Carl W. Conrad (cwconrad@artsci.wustl.edu)
Wed, 26 Feb 1997 10:55:57 -0600

At 10:25 AM -0600 2/26/97, Ronald Wong wrote:
>> "Deponent" is precisely the term that I object to, although I'm sure it
>> will survive my death by decades and centuries. What I object to is the
>> assumption built into the name that this form is somehow out of place
>> because it isn't middle or passive in English or whatever language we
>> happen to speak--that is, the term is based on the assumption that it is
>> natural for a verb with the meaning of GENESQAI to be in the active voice.
>> But that's precisely what is not true. It is natural for GENESQAI to be in
>> the middle voice (it kicks and screams when you try to put it in the active
>> voice!). There are many verbs that have natural forms in the middle voice
>> only, and there are several other verbs which, even though they are active
>> in one tense and middle in another (e.g. LAMBANW/LHYOMAI/ELABON,
>> MANQANW/MAQHSOMAI/EMAQON, AKOUW/AKOUSOMAI/HKOUSA).
>>
>> What's further wrong with the term "deponent" is that, the way voice
>> generally is taught, the assumption seems to be that the normal verbs are
>> active and passive and middle is an odd-ball thing that Greeks had but that
>> we are superior to, we who speak English.
>>
>> A more accurate description of the voice system of Greek is that it has two
>> real voices, an active and another that would be best called
>> "middle-reflexive." What we call "passive" is not really so much a distinct
>> voice as a function that is assigned to the middle voice forms when the
>> object of an active verb becomes the subject--that's what happens in most
>> tenses.

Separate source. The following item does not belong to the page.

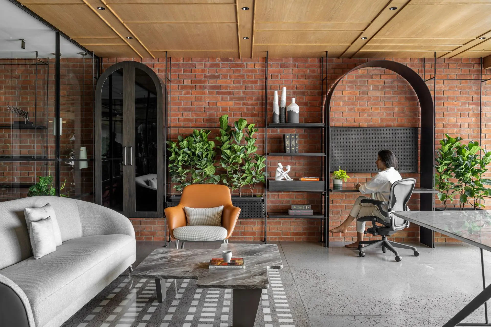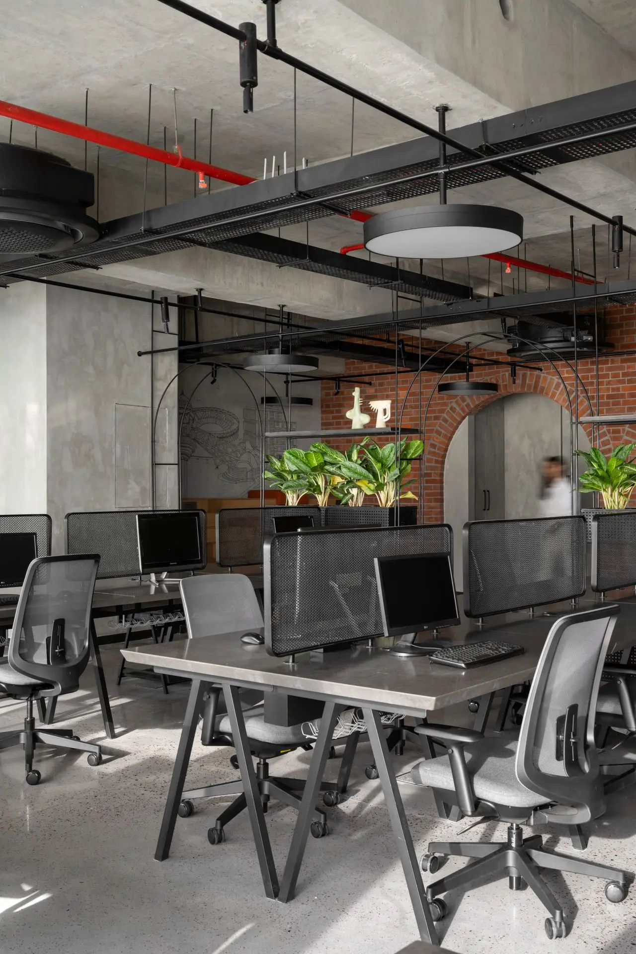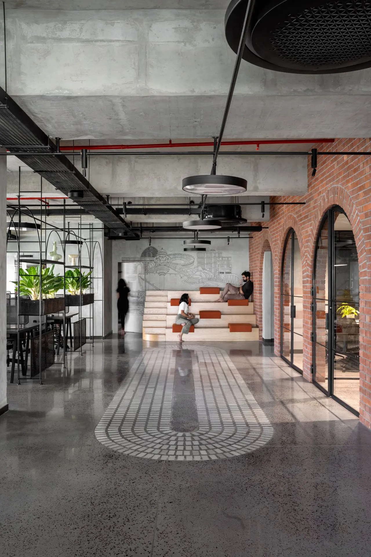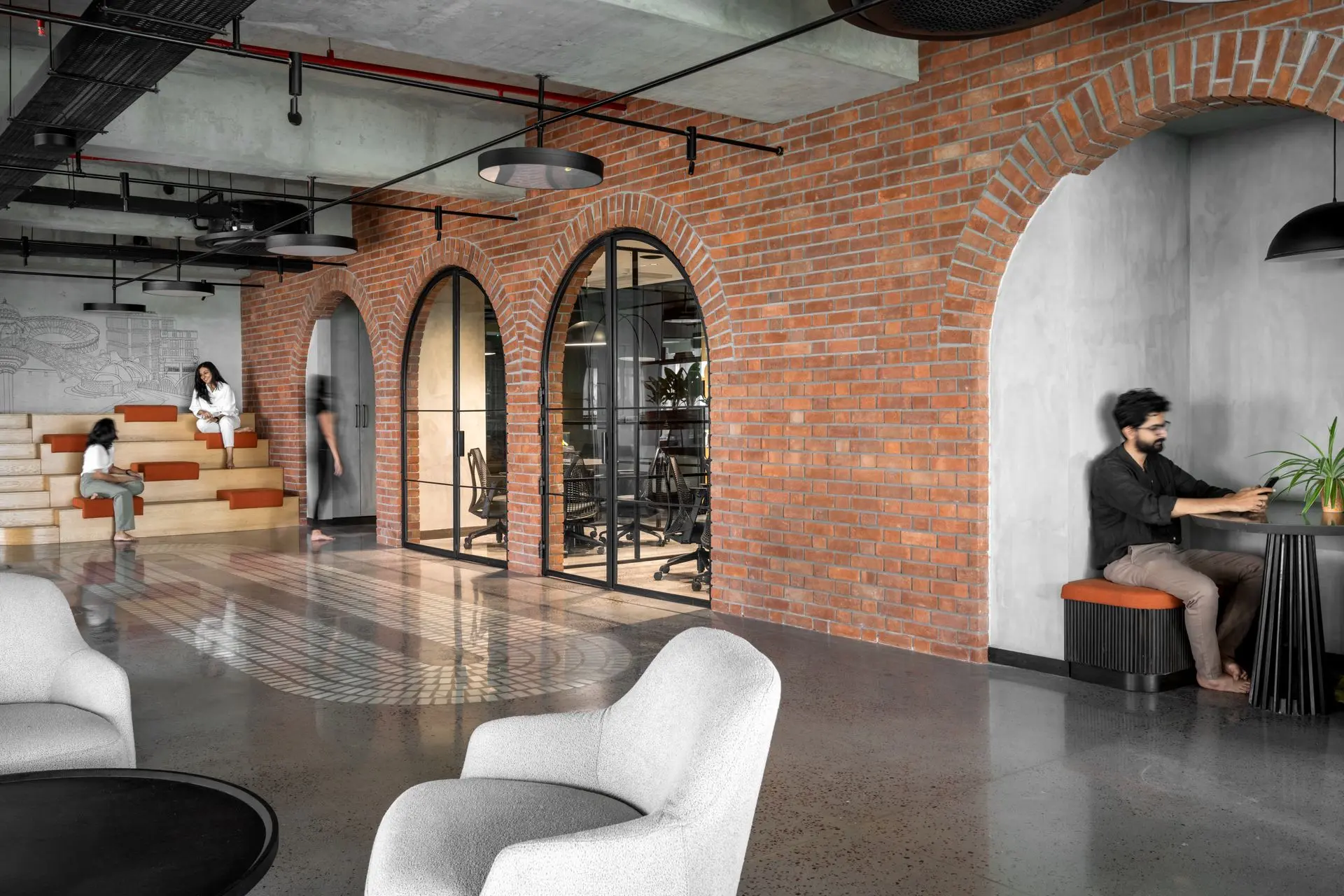 Materiality plays a defining role in shaping the character of the office. Exposed concrete ceilings and floors establish a raw, industrial base, complemented by textured brick walls arranged in an extruded pattern for added warmth and depth. Polished concrete floors inlaid with marble chips introduce subtle elegance, with patterns that follow the rhythm of the arches and enhance spatial continuity.

In two tenses, the aorist and the future, a distinct passive form
>> has developed out of the intransitive aorists in an H- or QH- stem.
>>
>> I will put up with the term "deponent" because too many people whom I
>> respect continue to use it, but I "groan inwardly" every time I hear anyone
>> use that term orally or read it in print. To make a long story short,
>> GENESQAI is a verb that was born to be middle voice; it isn't passive; it
>> isn't in any way irregular; it is a normal, garden-variety Greek verb that
>> happens to be middle, which is to say, like the soul as Plato defines it
>> somewhere, it is self-moving, like all respectable verbs of the
>> middle-voice persuasion.
>
>Sir...
>with all respect...and a novice's questions.. I understand that the
>forms may change in tense...but how does the voice change from tense to
>tense?
>maybe being the novice is the prob...but like what you have used the
>verb..AKOUW--"I hear" how does the it change to middle voice because of
>tense?

This is a good question and one I've long pondered; it has been
investigated and I'm trying to access some of those studies. One pertinent
fact here is reasonably clear: there is a sort of self-projection in these
future tense forms, such as BHSOMAI, AKOUSOMAI, LHYCOMAI, MAQHSOMAI.
Historically all Greek future tenses derived from aorist subjunctives
expressive of a strong will to do something--and I think the exertion of
will itself was evidently felt much more strongly in some kinds of actions
than in others; some such explanation must underline this shift in voice.
Of course it is not something that can be translated into English without
sounding absolutely silly. Some of those verbs of motion are what we deem
intransitive in English, but many of them are middle in Greek. BAINW
(active) seems to mean something like "I stride," while BHSOMAI, the future
(middle) seems to mean something like "I'm going to get myself going
forward." This is a matter of nuances and it is a matter of the
idiosyncracies of particular verbs. The traditional way of dealing with
this phenomenon pedagogically is to say: "These are deponents; they don't
behave the way good upstanding English verbs behave, but you have learn how
they behave--so learn them and don't ask why." There's something to be said
for that approach, and whatever we do to understand the way languages work,
we do come up ultimately to the imponderable question of why something is
this way and not that and we realize we can ask the question but cannot
answer it. I would just like, pedagogically, to push back a bit further
that point where we have to confess what we don't understand. I think we
CAN come to understand more about the way the Greek verb works than the
traditional way of teaching the morphology of the verb endeavors to do.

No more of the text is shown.